- Born: March 8, 1968 (age 58) Wuppertal, West Germany
- Origin: Athens, Greece
- Genres: Entekhno, rock, laiko
- Occupations: Musician, songwriter
- Instruments: Guitar, singing
- Years active: 1990–present

= Babis Stokas =

Greek singer and songwriter

Babis Stokas (Greek: Μπάμπης Στόκας) is a Greek singer and songwriter. He was a founding member of the entekhno/rock group Pyx Lax (Πυξ Λαξ), in which he was lead singer, lyricist, and composer from 1989 until the dissolution of the band in 2004. Since then he has performed as a solo artist.

== Career ==

Stokas released his first personal album, Poulia tis Nychtas, in 2001, while Pyx Lax were still active.

After Pyx Lax were dissolved in 2004(now active), he formed his own band, called "The Gamma plan", in collaboration with which he released, in March 2006, his second studio album, Stin Akri tis Giortis.
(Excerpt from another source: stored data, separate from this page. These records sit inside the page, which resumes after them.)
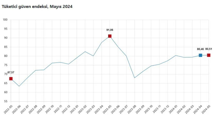 Türkiye İstatistik Kurumu ve Türkiye Cumhuriyet Merkez Bankası (TCMB) işbirliği ile yürütülen tüketici eğilim anketi sonuçlarından hesaplanan tüketici güven endeksi, nisan ayında 80,46 iken mayıs ayında yüzde 0,1 oranında artarak 80,51 oldu.
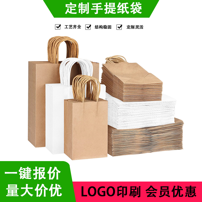 定制#牛皮纸袋印刷logo 批发外卖手提纸袋定做圣诞节礼品手提袋子
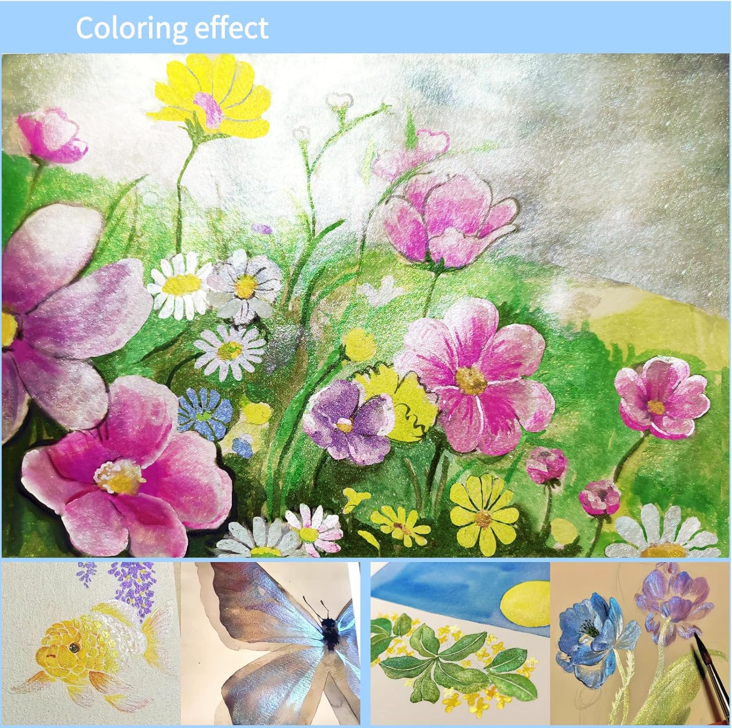 - Pearl luster effect: Because the pigment contains modified mica powder, it produces a shiny pearl luster effect when painting, which makes your works glittering. It can also be used as a base for paintings and as a secondary color on finished works, and can be used in combination with other pigments to create unlimited possibilities

In 2008, his live album Tragoudiste, min Drepeste, achieved gold status sales. His third studio album, Volta, was released in 2010.
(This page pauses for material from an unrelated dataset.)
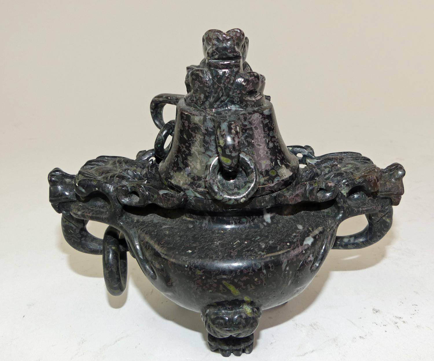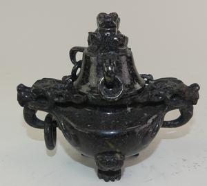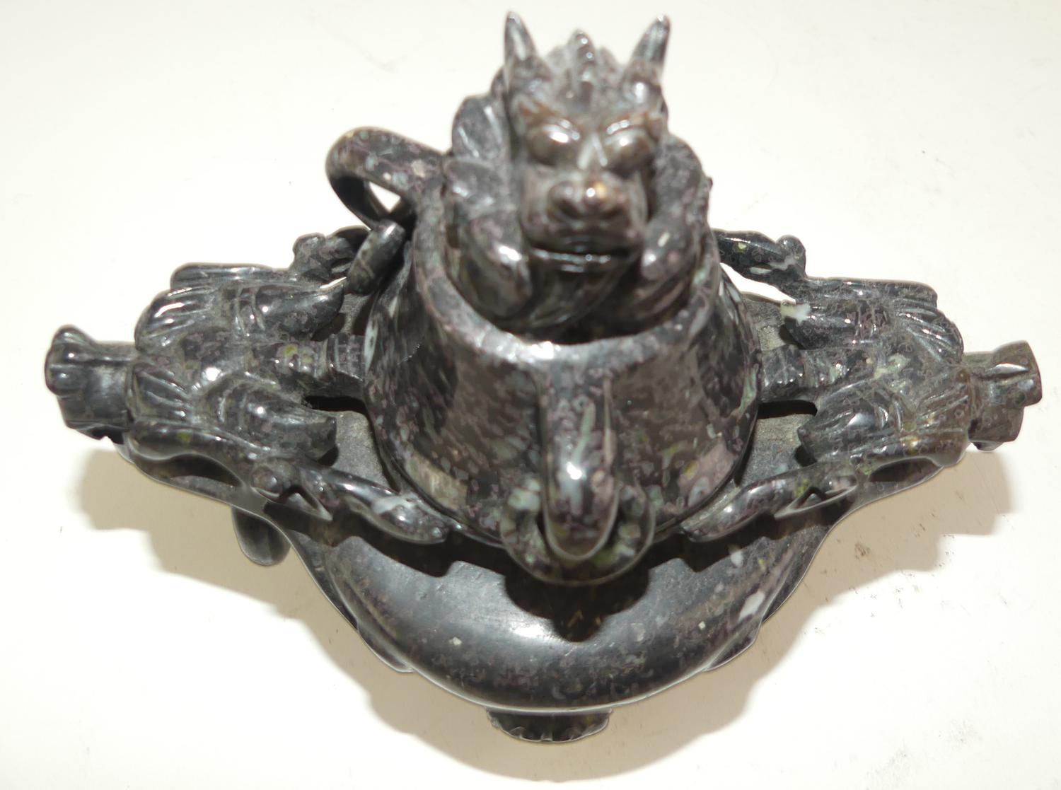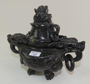 chinese carved stone incense burner, 6" x 7"- damaged -
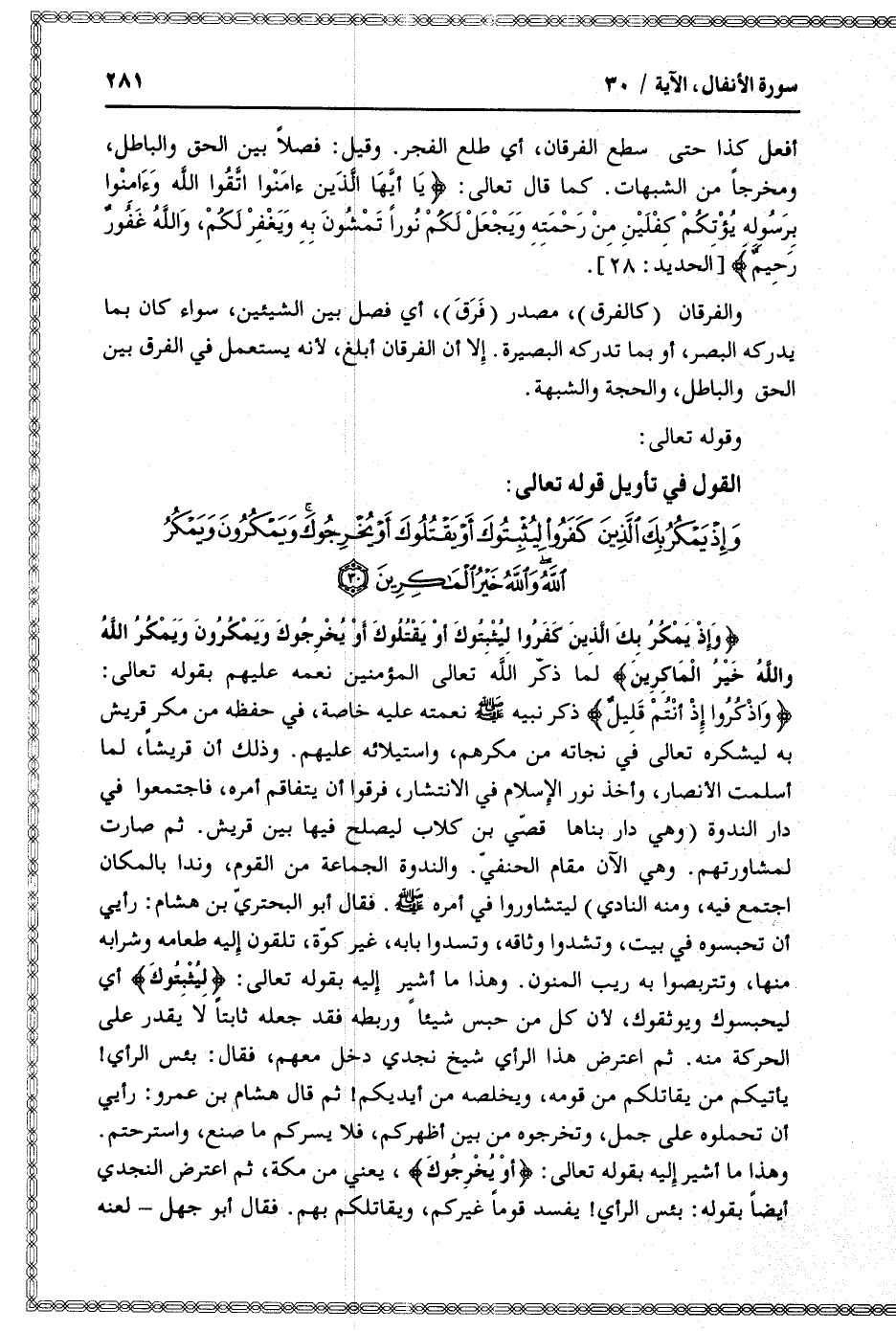 وَإِذْ يَمْكُرُ بِكَ الَّذِينَ كَفَرُوا لِيُثْبِتُوكَ أَوْ يَقْتُلُوكَ أَوْ يُخْرِجُوكَ وَيَمْكُرُونَ وَيَمْكُرُ اللَّهُ وَاللَّهُ خَيْرُ الْماكِرِينَ لما ذكّر الله تعالى المؤمنين نعمه عليهم بقوله تعالى:

Babis Stokas has cooperated, as a solo artist, with many important Greek singers and composers, such as George Dalaras, Lavrentis Machairitsas, Katsimihas Brothers, Stamatis Kraounakis, Pantelis Thalassinos, Melina Aslanidou and many more.

== Discography ==

Albums
- Poulia tis Nychtas (Πουλιά της Νύχτας) [2001]
- Stin Akri tis Giortis (Στην Άκρη της Γιορτής), [2006]
- Tragoudiste, min Drepeste (Τραγουδήστε, μην Ντρέπεστε) live, [2008]
- Volta (Βόλτα), [2010]
- I Avli ton Trelon (Η αυλή των τρελών) [2012]
- Fylaki ypsistis asfaleias (Φυλακή υψίστης ασφαλείας) [2017] (Babis Stokas & Giorgos Dalaras)
- Ki erhetai i Agapi ksana (Κι έρχεται η αγάπη ξανά) [2023]

Cd Singles
- Ta Nisia tis Irinis (Τα Νησιά της Ειρήνης), [2003]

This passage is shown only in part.